Modco is a b2b company focused on one single product: a pipeline closure called the Figure 500
When it comes to big oil and gas I'm not exactly an engineer. Which is why I relate Modco to a gas cap, but for the giant oil and water pipes instead of my '02 Taurus. More officially; Modco makes the best in class easy access ( < 1 min) threaded pipeline closures.
Working together with my good friend Jason Yang (who served as project manager), I served as main consultant as well as designer and developer on the entire site.
Oil equipment isn't at the top of every designer's list when it comes to product aesthetics. Definitely not pipeline closures. Nevertheless, it was easy to share in the passion of a company that takes pride in producing the absolute best product, and important to create a visual system that reflected it.
Pages of technical information and user manuals were simplified something that was easy to understand, sold the product and provided the support necessary to the engineers using the product.
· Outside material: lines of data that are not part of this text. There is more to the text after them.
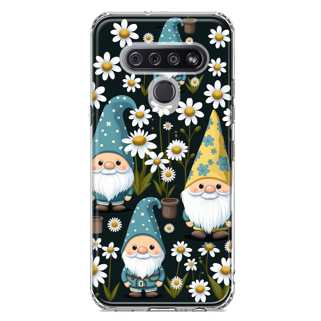 For LG K51 Cute White Daisies Gnomes Flowers Floral Double Layer Phone Case Cover
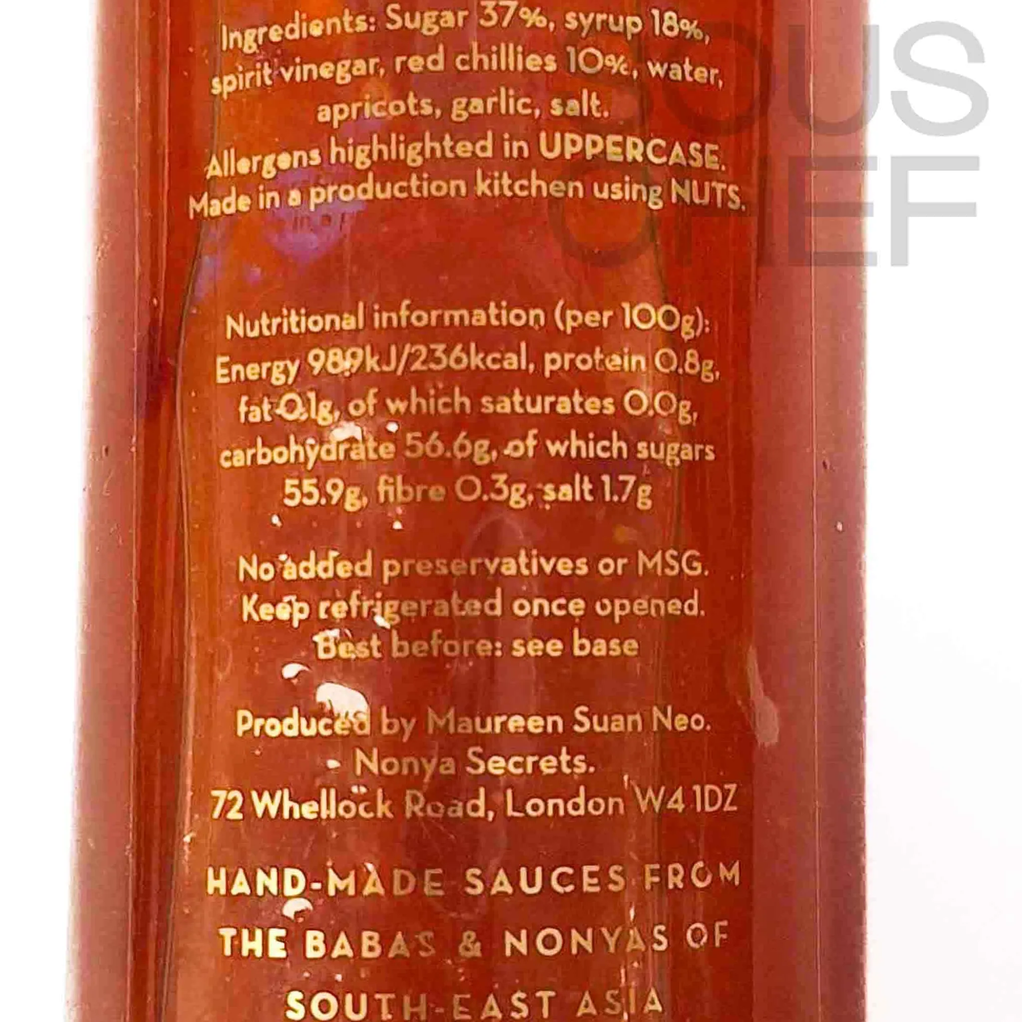 Product formulations and details may change. For the latest ingredients and allergen information always check product packaging prior to consumption. Ingredients: Sugar 37%, syrup 18%, spirit vinegar, red chillies 10%, water, apricots, garlic, salt.
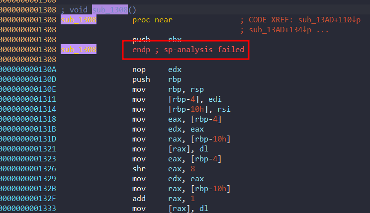 asm 코드를 보면 "endp ; sp-analysis failed"라는 오류가 발생하면서 디컴파일이 수행되지않습니다.

The site serviced both clients sitting in pitch meetings, as well as engineers in the field troubleshooting issues, so a sterling mobile experience was essential to reducing support calls, and increasing sales.
It was fantastic being able to dictate my own stack for this project. I decided to use Perch as a CMS (something that from a dev standpoint saved me many hours) and Media Temple grid servers for hosting. I used git for version control and to keep the repository private, hosted the remote on Dropbox. For the rest, I used my typical workflow of Grunt/Sass etc.